Input data:
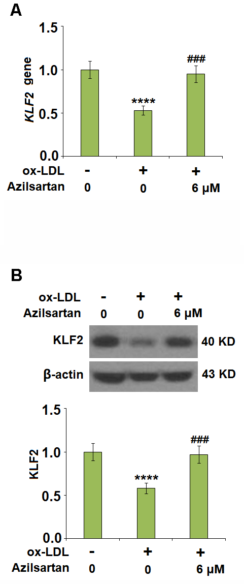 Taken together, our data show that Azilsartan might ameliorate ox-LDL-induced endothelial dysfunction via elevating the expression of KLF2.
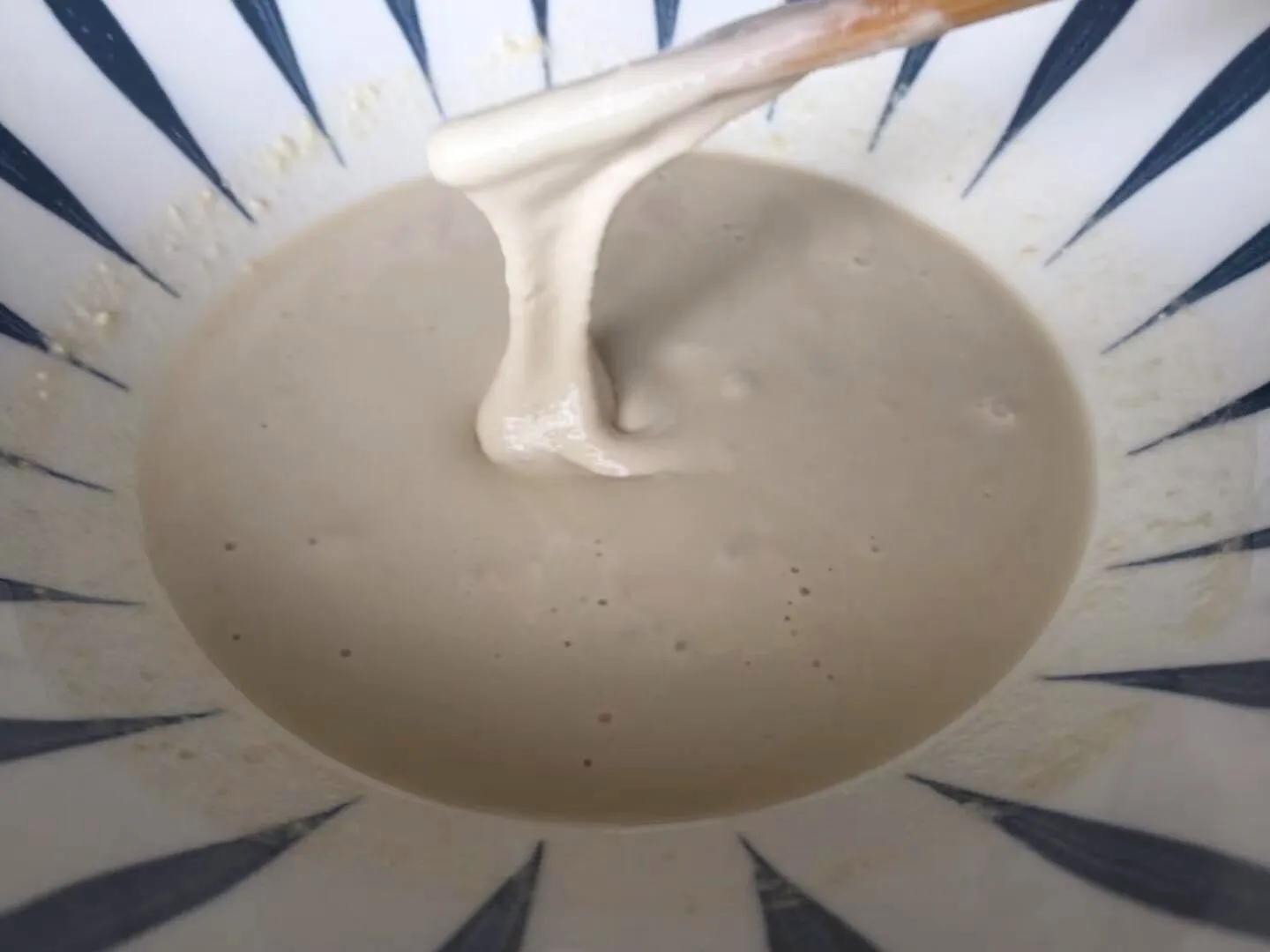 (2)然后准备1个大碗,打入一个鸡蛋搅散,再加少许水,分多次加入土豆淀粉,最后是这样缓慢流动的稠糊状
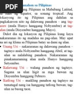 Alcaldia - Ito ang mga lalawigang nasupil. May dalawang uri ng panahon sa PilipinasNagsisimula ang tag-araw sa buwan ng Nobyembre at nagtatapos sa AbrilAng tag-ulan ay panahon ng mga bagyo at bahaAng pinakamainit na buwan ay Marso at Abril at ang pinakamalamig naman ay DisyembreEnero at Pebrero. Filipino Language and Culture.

Problem requirements: Print each line of the listing, starting at its first and ending with the line that holds "(2)然后准备1个大碗,打入", but skip any pictures.

Answer space:
 Taken together, our data show that Azilsartan might ameliorate ox-LDL-induced endothelial dysfunction via elevating the expression of KLF2.
 (2)然后准备1个大碗,打入一个鸡蛋搅散,再加少许水,分多次加入土豆淀粉,最后是这样缓慢流动的稠糊状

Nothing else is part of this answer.